Thursday, November 13, 2008


An open letter to my coworkers:

We have one of the best jobs on earth. Sure, it's boring, and you're completely unappreciated. Sure, you generally feel like you're bound by the silliest rules ever devised by mankind. But seriously. No one else will pay you what you're making with that silly B.S. degree - you'd have to get a Masters, if not a Ph.D. No one will give you sick time and vacation time, and personal days and 13 paid holidays a year. No one will (more or less) let you manage your own workload, imposing very few deadlines. No other workplace will allow you to spend 3 to 4 hours a day EVERY DAY chatting with your coworkers. So, please, before I completely lose my mind, STOP WHINING! It's not that bad. It would not be better somewhere else, but if you're interested in finding out please do so as quickly as possible. But, if you must stay, could you at least manage to do your job properly, so as not to screw up my work? It's not really that difficult. Read a little, ask a question or two. Follow the rules. They tried to idiot-proof everything, but you are clearly superidiots, as you manage to miss the most obvious things. But, if I were the one to make these mistakes, you'd all be the first ones in the manager's office, accusing me of sabotaging you.
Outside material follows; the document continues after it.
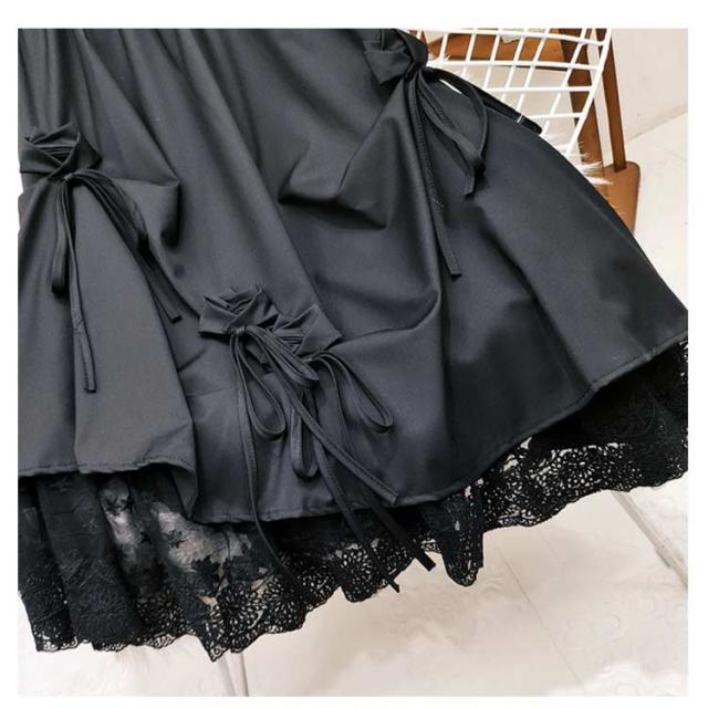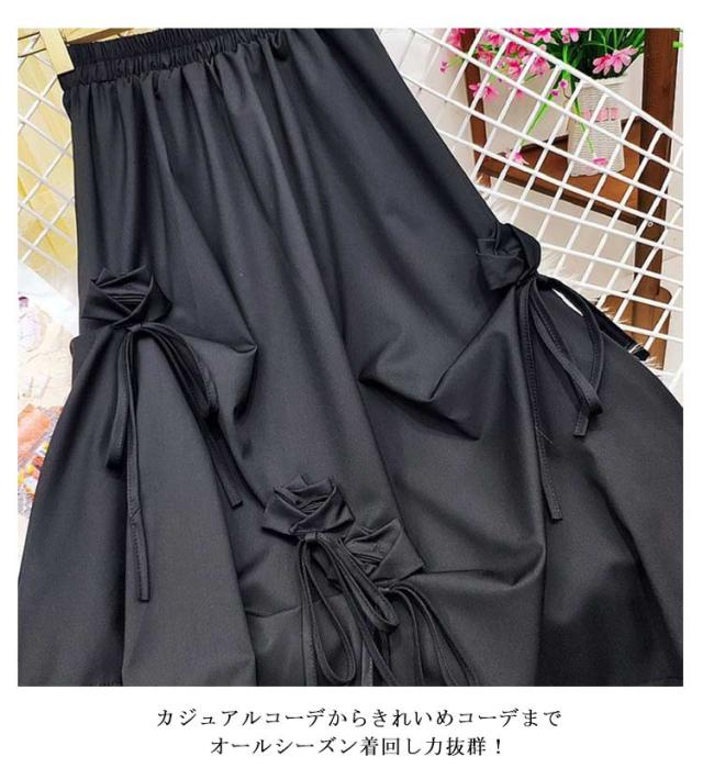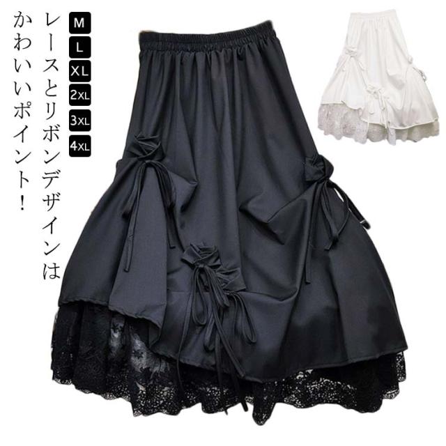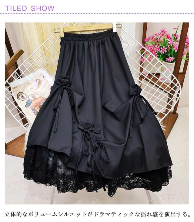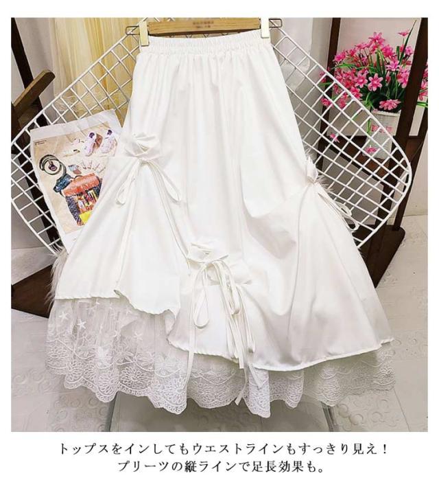 スカート リボン おしゃれ アシンメトリー ロング丈 カジュアル レース切り替え ロングスカート スカート ゆったり かわいい ボリューム感 原宿系 モード系 黒 白 ブラック ホワイト

In closing, spare me. Spare me your personal traumas. Spare me your whining about how you just can't work under these conditions. Spare me your pseudo moral outrage - I've seen your black souls and you have no morals. Spare me.



As a follow-up to yesterday's post, DD's musical interest is ever expanding. She loves the Smashing Pumpkins - not their music, per se (I'm not actually sure that she knows that they are musicians). Every time they are mentioned on the radio (which is frequently, since they're coming to town soon), she repeats Smashing Pumpkins and laughs and laughs. I guess she just likes the name.


  1. I too love the name of the band, Smashing Pumpkins, in addition to their music.
    Love, love, love the letter to your coworkers. I have a few of my own colleagues that it would be very appropriate to receive your witty diatribe.

  2. I got to see Billy Corgan once (IRL-not at a concert), when I lived in Chicago. He was touring a Navy boat exhibit, and we couldn't go on the boats until he was finished. He didn't seem to match his musical image - touring Navy boats in his brown velour sweatsuit - but it was still kinda cool.

    Sorry to hear you have some similar colleagues...

  3. Hmmm... Somehow, I got a vision of you projecting a huge video of DD giggling, "smashing pumpkins!" to your grumpy, thankless coworkers.

    It's sad when people don't appreciate how good they have it.

  4. Can I come work with you? I'd like to spend 1/2 my day chewin' the fat with whomever.